Does it Scale

This section makes a case for scaling down the systems engineering resources to accommodate small business. So, how does systems engineering scale down to small business? Systems engineering as a discipline has been used in military and aerospace applications for many years. But these systems are often extremely complex. How do you approach systems engineering for the modest projects of small businesses?

First the projects are smaller.

The budgets are smaller and the resources are fewer. A small business may have a programmer on staff or a designated IT person or both. But usually there are no systems engineers sitting around.

Why won’t the programmer or IT person do the systems engineering? They simply have not been taught. Technically, Designing and programming are two different disciplines.
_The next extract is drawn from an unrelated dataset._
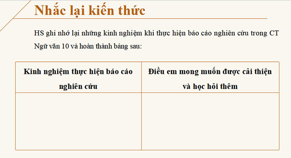 1. HOẠT ĐỘNG 1: KHỞI ĐỘNG – TẠO TÂM THẾ a. Mục tiêu hoạt động: Tạo tâm thế thoải mái và gợi dẫn cho học sinh về nội dung bài học b. Nội dung thực hiện: ❖ GV cho HS ghi nhớ lại những kinh nghiệm khi thực hiện báo cáo nghiên cứu trong CT Ngữ văn 10 ❖ HS thực hiện bảng |

Programmers, often fancying themselves as designers, are taught to turn the requirements into a specification and build (program) the system according to the specification. But where do the requirements come from. That is definitely not their job. If the requirements don’t exist then the programmer is taught to take initiative and build the product according to prevailing design principals using the state of the art tools. The IT person in a small company is often self taught or right out of school.

The self taught IT person learns to procure parts and make them work together.

The just graduated IT person has learned to use a particular vendor’s parts and so builds homogeneous systems from parts.

In large companies, one system engineer can help direct the work of 10 or 20 software and hardware designers and programmers. If you have one programmer how do you staff .1 systems engineers? If you don’t then who is going to do the systems engineering? You have to rent one. You contract a systems engineer at the leading edge of a project and have them do the “due diligence” to be certain that the system development is headed in the right direction.

I have said for a long time that left with only two choices given an insufficient budget, I would rather build the right system the wrong way than to build the wrong system the right way. Why? You can often fix a system that has imperfections, but you can rarely make a system (built however elegantly) do something completely different than what it was constructed to do.